He turns. She thinks her face must be white because he blanches a little when he sees her. He looks good. Better than she’d expected. She realises, abruptly, that she’s never seen him without a face littered in bruises and cuts. His skin is tan, there are dark circles under his eyes and he’s a little thinner than he used to be but he looks –

He looks good.

His gaze flitters – from the beach full of people, to the cloth in his hands, to her. Goes to step forward then seems to think better of it, an aborted lurch. Finally;

‘What are you doing here?’

Somehow, childishly, she thinks she should be asking him that.

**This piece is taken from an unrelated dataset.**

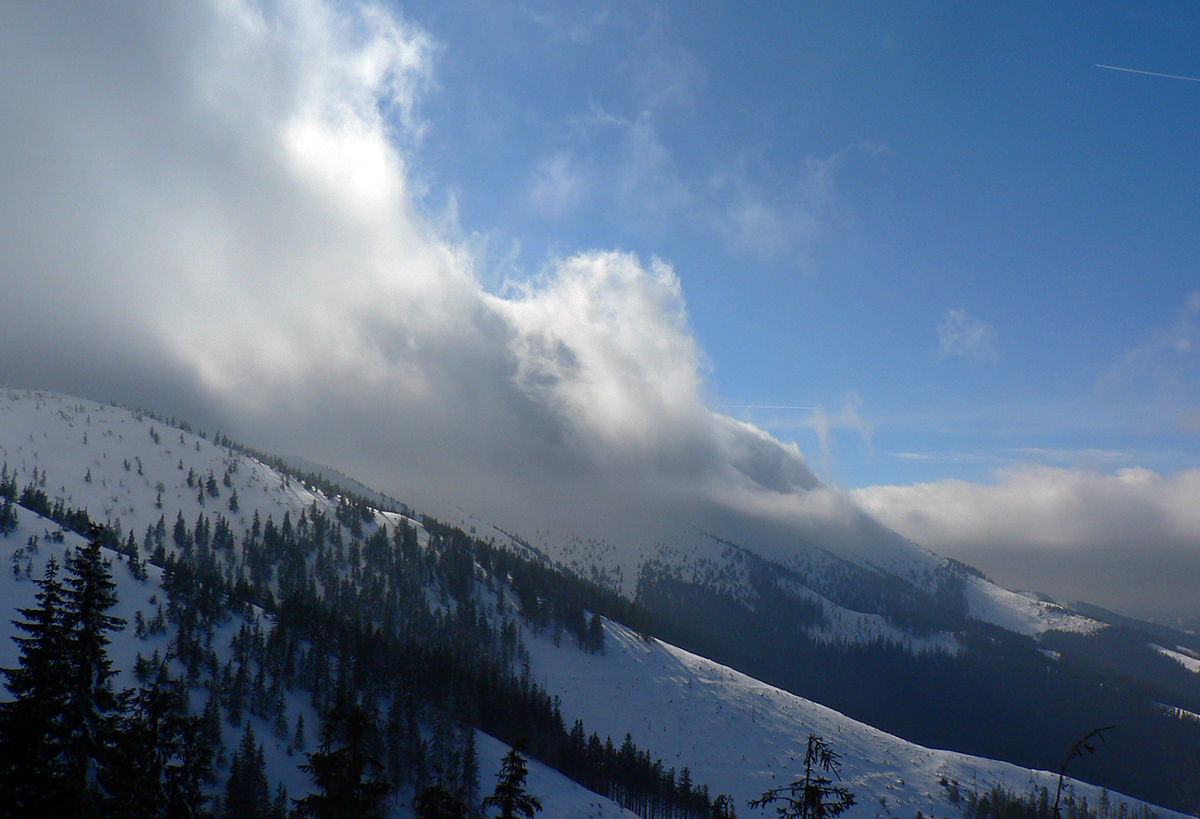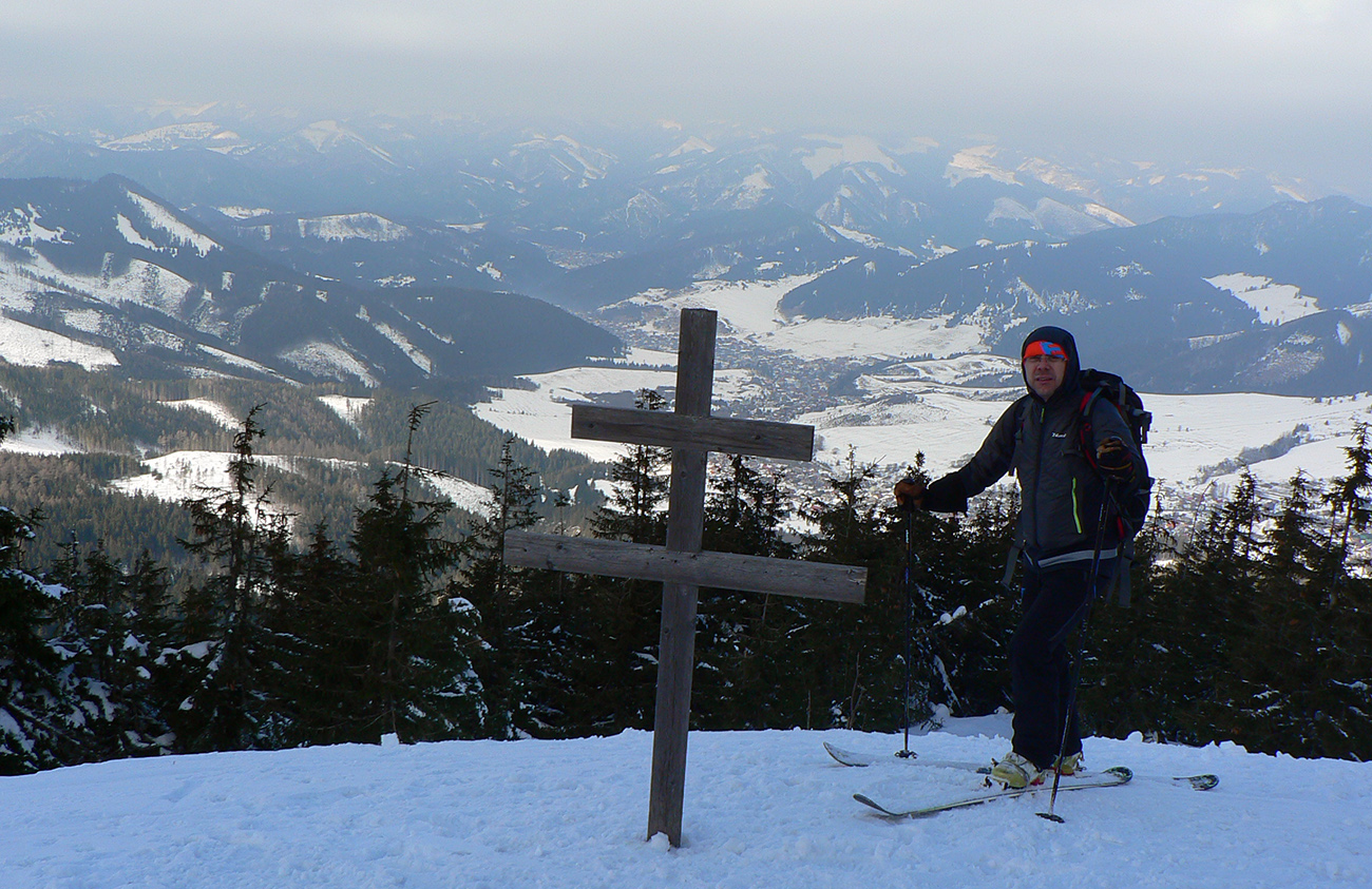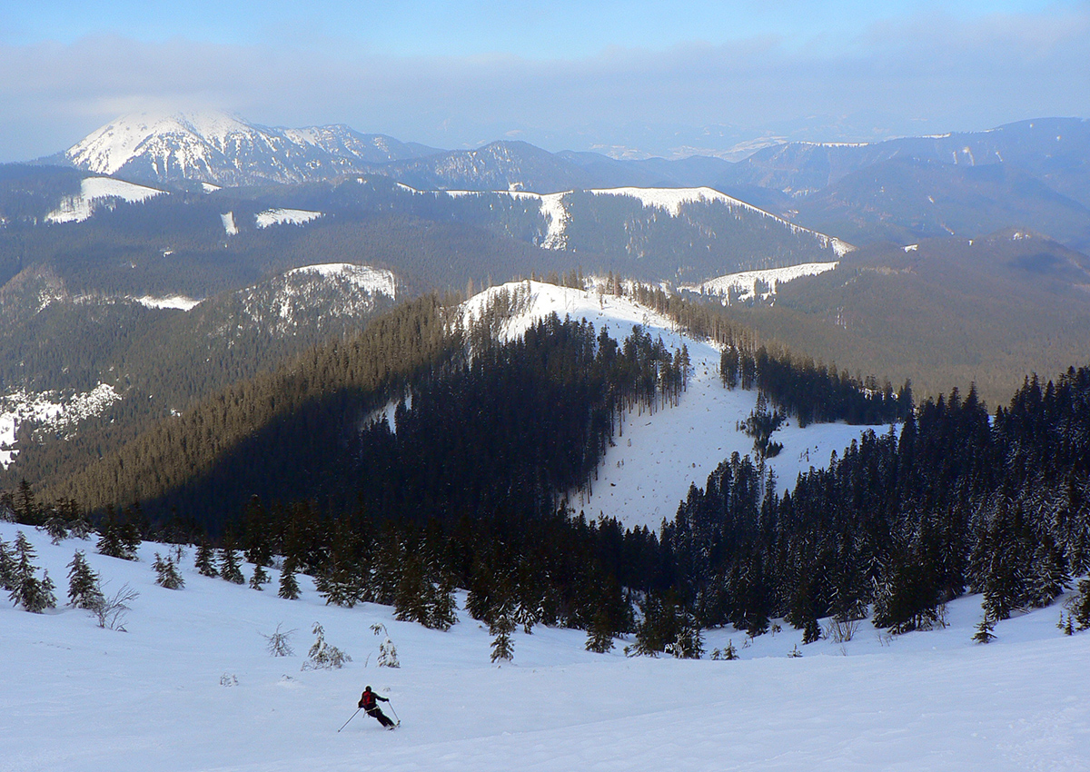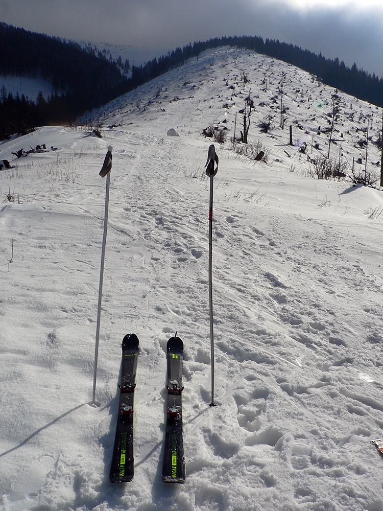 Prvé metre sú slalom v stromoch, ale sneh ozaj dobrý a hlbší, potom sa to otvorí, lebo vyrúbaný úsek. A tam už pekne v rýchlosti a strmosti, pekne točíme. Na dohľad máme dokonca slnko. No to lebo klesáme na ten správny smer. Na slnku v bezvetrí dáme desiatu, debatujeme, fotíme. Výhľad na Prašivú je majestátny, má aspoň o 500 m vyšší profil, vlnový mrak presne kopíruje jej tvar. Dnes asi máme počasovú smolu. Lyže sa vytápajú za tri minúty a stojíme na odmäku. Pošteklíme voskom pásy, nech hore neťaháme tony, a ideme nazad rovnakou cestou. Ale teda dole sa to nezdalo také strmé ako smerom hore. Aj opierku sme si pridvihli a furt strmo, na lyžiach potom kilo snehu zhora. A tak pomaličky až okolo kríža nazad na hrebeň do Sivého Fukarova.

‘My editor –’ she blurts out, first thing she thinks of and it’s stupid, so very stupid, because Frank’s already darting forward, her arm in his grip, drawing her close as he growls out;

‘Who else knows I’m here?’

Reasonably, she knows with how tight he’s holding her arm, it should hurt. Adrenaline floods her system and she blinks, stares up at him.

‘No – no one, Frank, I swear – my editor sent me here on a holiday –’ and she’s cut off again, Frank huffing out a bitter sound, coiled up and angry and jerking out of his chest. She watches his face as his jaw clenches, watches him make half a dozen plans to leave in the space of a breath, and she carries on, words tripping over themselves; ‘he thinks you’re dead, Frank, everyone does – I promise you, Frank, I didn’t – it’s just a coincidence –’ he’s trembling all over and he won’t look at her so she shifts, as far as she can, waits until he meets her eye. ‘Frank,’ she murmurs, and his name sounds entirely odd coming from her, rushed out in a breath, and she forces herself to steady, to meet his gaze and not look away as she tells him, ‘I _swear._ ’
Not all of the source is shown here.